◆ Dataset excerpt ◆
[Start of section]

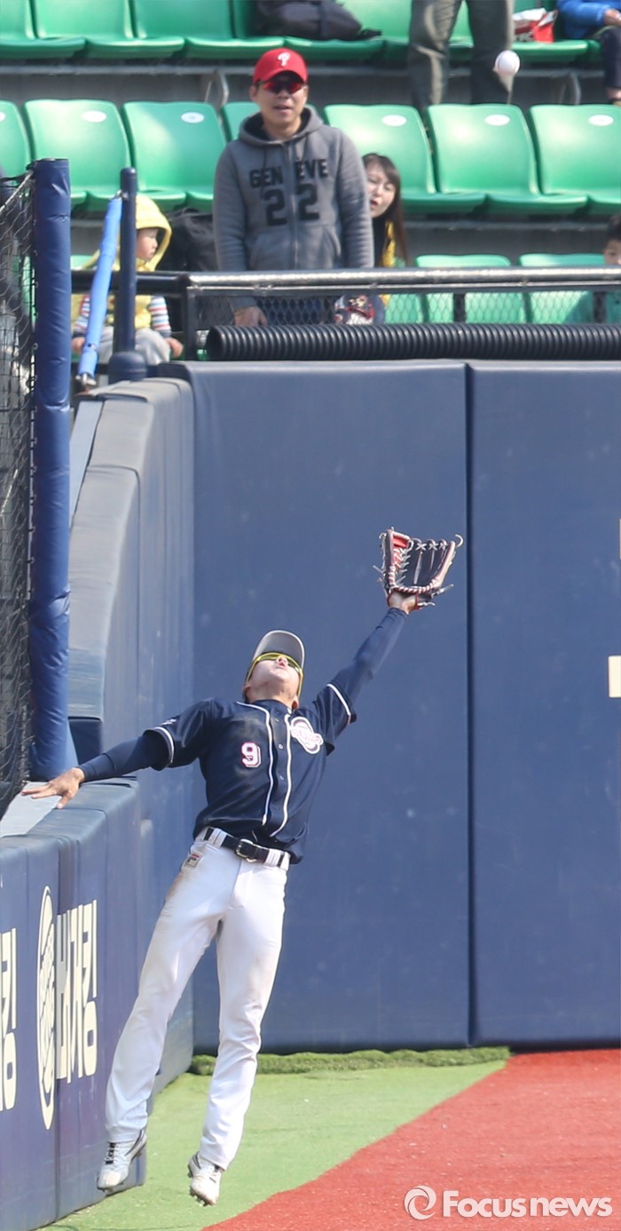 (서울=포커스뉴스) 27일 서울 잠실구장에서 열린 2016프로야구 시범경기 두산-LG 경기에서 8회말 두산 좌익수 조수행이 LG 이병규의 파울 타구를 펜스에 붙어서 잡아내고 있다.
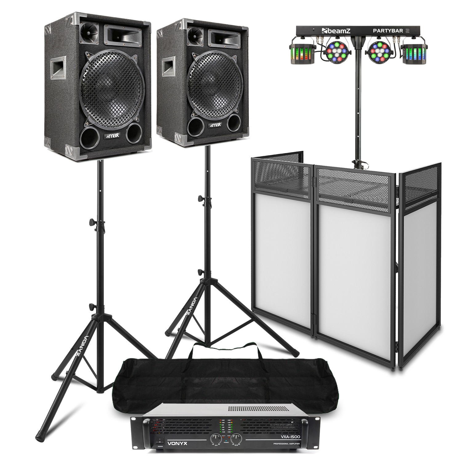 Vonyx VX1080BT DJ & PA Speaker System with DB3 DJ Booth and PartyBar12 Lights
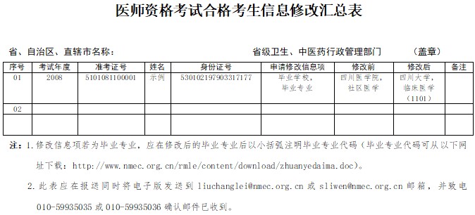二、修改醫(yī)師資格信息,由申請人填寫《醫(yī)師資格考試合格考生信息修改審核表》并提交有關材料,向考試報名所在考點的衛(wèi)生、中醫(yī)藥行政管理部門提出申請。
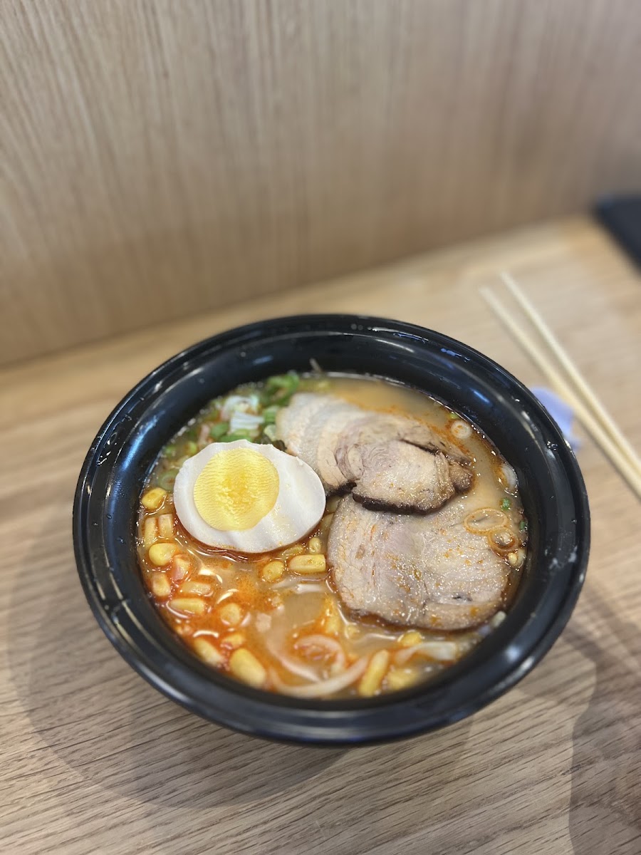 Miso flavor. Tofu, scallion, beans prouts, cabbage, corn, egg, and spicy sauce.

[End of section]

◆ Task goal ◆
All lines of the material above should be returned unchanged, but no pictures should be included.

◆ Exercise answer ◆
 (서울=포커스뉴스) 27일 서울 잠실구장에서 열린 2016프로야구 시범경기 두산-LG 경기에서 8회말 두산 좌익수 조수행이 LG 이병규의 파울 타구를 펜스에 붙어서 잡아내고 있다.
 Vonyx VX1080BT DJ & PA Speaker System with DB3 DJ Booth and PartyBar12 Lights
二、修改醫(yī)師資格信息,由申請人填寫《醫(yī)師資格考試合格考生信息修改審核表》并提交有關材料,向考試報名所在考點的衛(wèi)生、中醫(yī)藥行政管理部門提出申請。
 Miso flavor. Tofu, scallion, beans prouts, cabbage, corn, egg, and spicy sauce.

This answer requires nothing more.